Investment Assumptions — ETF and Property
Understand the key assumptions behind both investment paths when comparing ETFs and property in the retirement calculator.
ETF Assumptions
ETF outcomes can look deceptively smooth if the assumptions are too generous. Use this page to set a realistic return frame and to understand what parts of the ETF result come from compounding versus tax drag.
Total return should be a long-run assumption
ETF total return is best treated as a long-run nominal assumption for scenario comparison. It should not be read as a short-term market call or a promise about what the next few years will deliver.
Contribution timing still matters
Even simple changes in when money arrives can shift the ETF path. If your savings rate is likely to change over time, compare a flat baseline with a staged contribution path rather than forcing all years to look the same.
Tax settings can narrow the gap
Dividend tax, CGT treatment, and salary context all matter. The app models these in a simplified Australian framework, which makes them useful for comparison but not a substitute for tailored tax advice.
Focus on repeatability, not only on the winning case
If the ETF path still reaches FIRE earlier or with a healthier downside profile after you trim expected returns, that is a stronger result than a win that disappears as soon as assumptions become slightly less optimistic.
Property Assumptions
Property results can look strong or fragile depending on a small set of cashflow and timing assumptions. This guide is about choosing realistic ranges, not defending one optimistic input.
Vacancy and rental yield move the whole cashflow profile
Rental yield affects gross income, while vacancy reduces what you actually collect. Test a clean baseline first, then try a tougher case with lower effective rent to see how much the property path depends on occupancy.

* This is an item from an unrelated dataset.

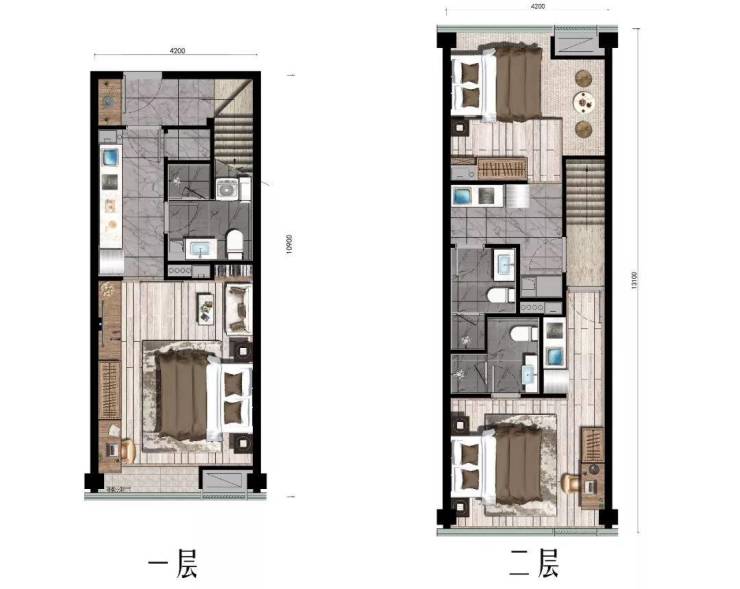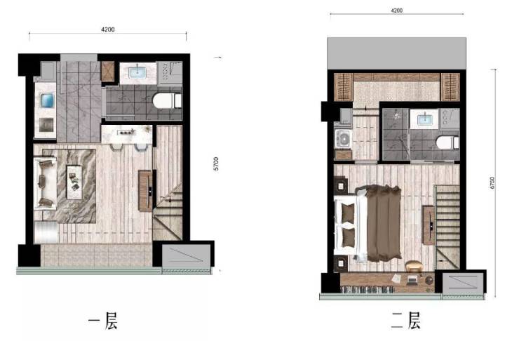 这两年杭州酒店式公寓中的LOFT产品就掀起了一股“双钥匙”风潮,就是将上下两层分割成独立的两个套房,各自配备独立的厅房厨卫。

Maintenance and management are not rounding errors
Management fees, maintenance, and annual property expenses can materially change after-tax outcomes. If the property path only wins under very light expense assumptions, that is important information, not noise.

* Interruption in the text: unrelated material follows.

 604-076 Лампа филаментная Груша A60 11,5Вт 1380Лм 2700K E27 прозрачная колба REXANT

Sell year changes both tax timing and final outcome
The year you sell affects realised gains, transaction costs, and the shape of the later years. Compare at least two sale timings so you do not mistake one chosen exit year for a universal property edge.
Use ranges, then compare the pattern
The best way to use these inputs is to save multiple scenarios and compare the pattern. If property only wins in a narrow band of low-cost, low-vacancy assumptions, that tells you more than one headline result ever will.